Self Sufficient Garden Shrubs

Some of the most popular garden shrubs like roses and buddleias require quite a lot of attention. Regular pruning is necessary for many of them to remain looking good, and others may be prone to pests and diseases, which require time and effort to prevent and eliminate.

Fortunately, there are many low maintenance ones that are just as attractive and almost trouble-free.

You can choose from hundreds of well behaved compact shrubs that will not require frequent pruning or hacking back. Check with your local garden center that the ones you select aren’t susceptible to diseases, and won't need regular pruning or become bare and leggy at the base with all the flowers at the top.
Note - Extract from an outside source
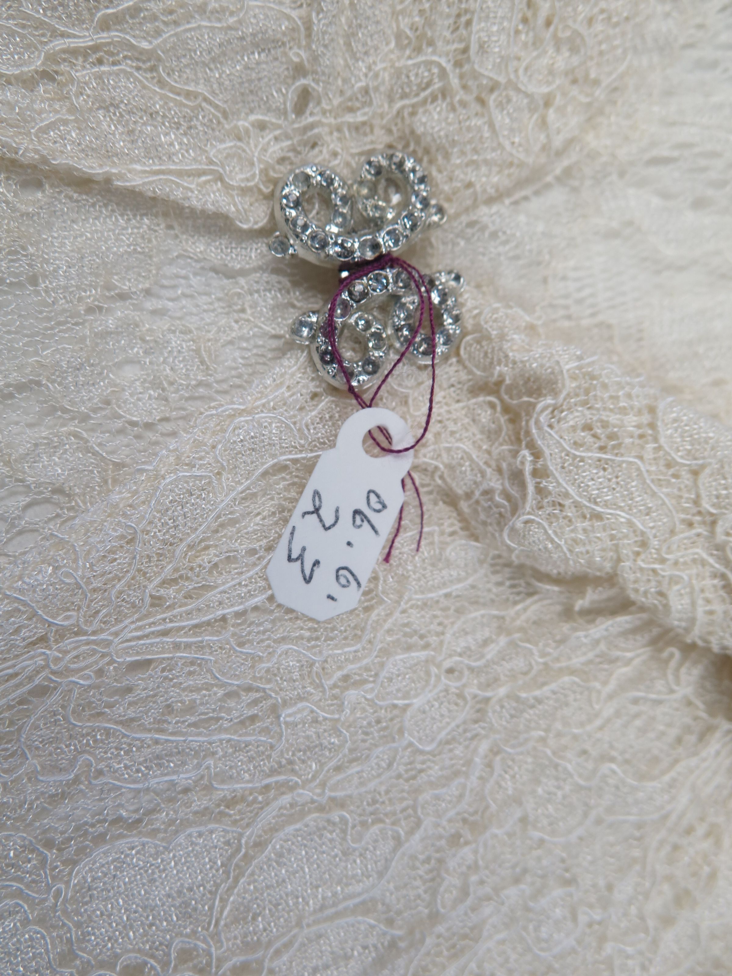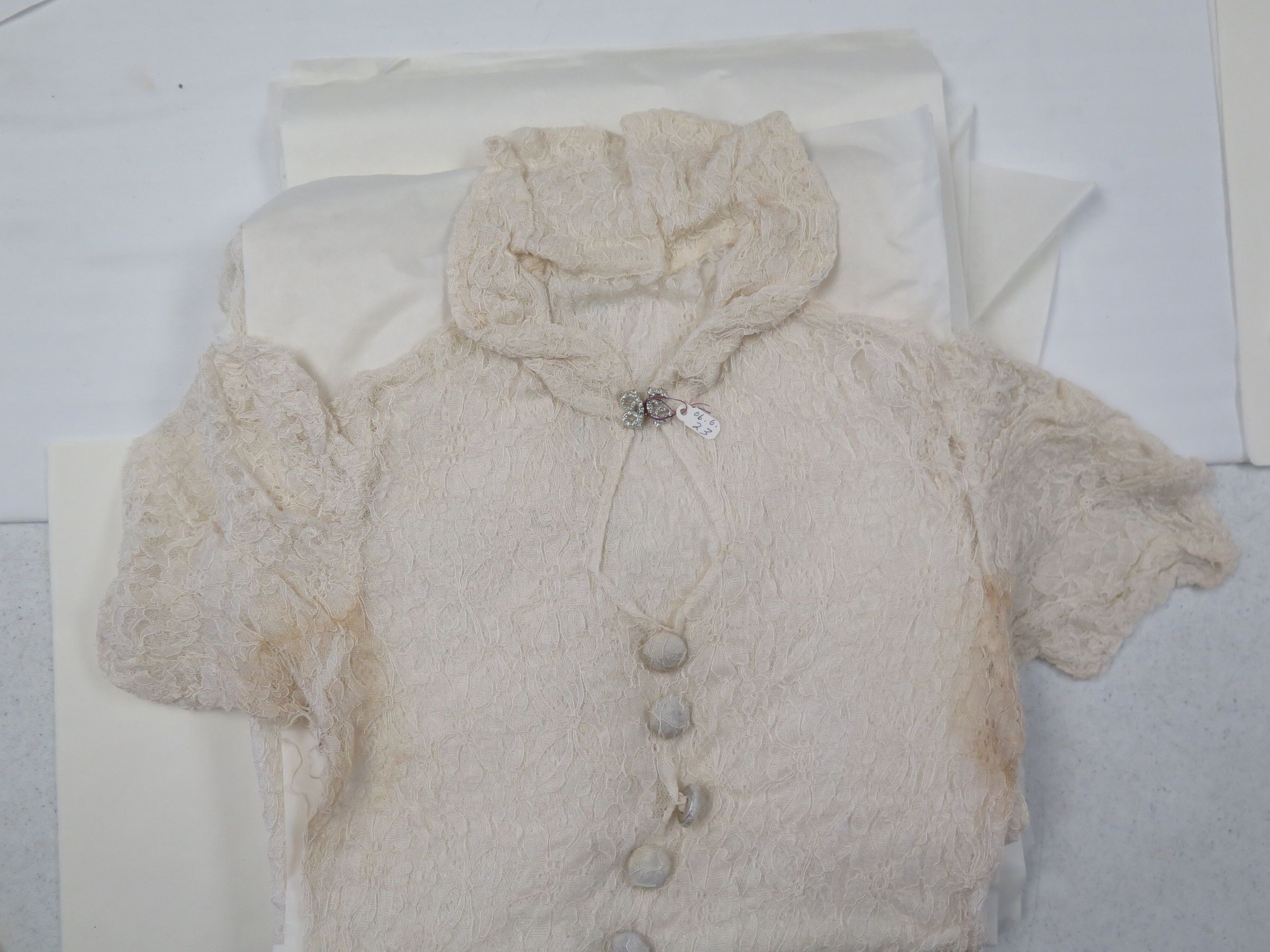 This is a floor length white flower lace dress with a silver clasp closure near the neck. The dress has cap sleeves and buttons down the front. The broach at the neck may have been added on later. The dress measures 12" (w) x 14" (l) x 2" (d) when folded.

Viburnum tinus is useful for its autumn and winter flowers, but it can grow tall and require pruning to keep it compact. Many hebes are naturally compact and so require little pruning, most have pretty flowers but some need protection during cold winters.

Low Maintenance Shrubs...



Hibiscus Syriacus
Olearia x hastii
Rose Of Sharon


Aucuba japonica
Berberis thunbergii
Choisya ternate
Elaeagnus pungens ‘maculata
Euonymus fortunei
Ruscus aculeatus

Rose of Sharon...

This is one of the most exciting new miniatures and is the only miniature Rose of Sharon in the world. Growing to just 3-4 feet in height, this unique little shrub has numerous landscape and garden uses, such as mixed container or perennial beds. The 3 " pure white flowers are punctuated with a showy red eye and last for 3 days, instead of 1 day like other Rose of Sharons. The thick, dark green leaves complete the ensemble for an exceptional landscape plant. 'Lil' Kim' is straightforward to grow in full sun and normal garden soils, where this garden rose is certain to provide you with many years of pleasure.

This is an outstanding flowering shrub that can be massed, planted in groups or used as a specimen. It is extremely tolerant of summer heat and humidity and larger flowers may be obtained by pruning back hard to 2-3 buds at the beginning of springtime.


Choose and plant your shrubs wisely as they will be in position for many years to come, so plant them carefully and take time to prepare the ground thoroughly.

Water the pots and let them drain. Position them where you think they should be in the border. Check the likely size on the label or in a book, then revise your spacing if necessary.

If the spacing seems excessive initially, leaving large gaps, you can always plant a few extra inexpensive shrubs between them to discard when they become crowded.

If planting in spring or summer, apply a balanced fertilizer according to the manufacturers instructions; if planting at any other time, wait until spring to apply. Hoe or rake it into the surface then water thoroughly.

Dig a hole large enough to take the rootball. Stand the plant in the hole and use a cane or stick to check that the plant will be at the same depth as it was in the pot. Add or remove soil as necessary.

Carefully tease out some of the roots if they tightly wound round the inside of the pot. This will encourage them to grow out into the surrounding soil and become quickly established.

Return the soil and firm it well around the roots to steady the shrub in wind and to eliminate large pockets of air that might allow the roots to dry out. Keep it watered during dry periods to begin with; once established, they should rarely require watering.